**EXTRACTED ENTRIES**
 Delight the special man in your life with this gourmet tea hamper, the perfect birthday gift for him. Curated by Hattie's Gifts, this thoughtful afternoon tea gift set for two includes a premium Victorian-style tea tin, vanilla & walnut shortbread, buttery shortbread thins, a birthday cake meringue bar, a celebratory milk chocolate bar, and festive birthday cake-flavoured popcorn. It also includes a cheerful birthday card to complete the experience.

* * *

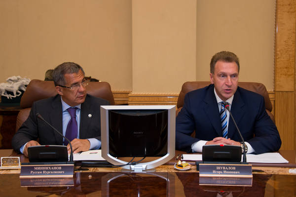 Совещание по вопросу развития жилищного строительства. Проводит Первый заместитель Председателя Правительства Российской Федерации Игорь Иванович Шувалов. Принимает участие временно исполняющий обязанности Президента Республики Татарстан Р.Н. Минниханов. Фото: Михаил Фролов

==

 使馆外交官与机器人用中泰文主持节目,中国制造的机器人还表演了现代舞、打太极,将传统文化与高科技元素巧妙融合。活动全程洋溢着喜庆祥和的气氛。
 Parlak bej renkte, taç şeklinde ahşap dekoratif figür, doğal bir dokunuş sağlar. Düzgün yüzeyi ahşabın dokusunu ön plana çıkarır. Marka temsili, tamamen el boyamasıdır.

**WORK TO COMPLETE**
Please reproduce the lines from the line with "使馆外交官与机器人用中泰文主" to the line with "Parlak bej renkte, taç", both ends included, exactly as they appear above.

**TASK ANSWER**
 使馆外交官与机器人用中泰文主持节目,中国制造的机器人还表演了现代舞、打太极,将传统文化与高科技元素巧妙融合。活动全程洋溢着喜庆祥和的气氛。
 Parlak bej renkte, taç şeklinde ahşap dekoratif figür, doğal bir dokunuş sağlar. Düzgün yüzeyi ahşabın dokusunu ön plana çıkarır. Marka temsili, tamamen el boyamasıdır.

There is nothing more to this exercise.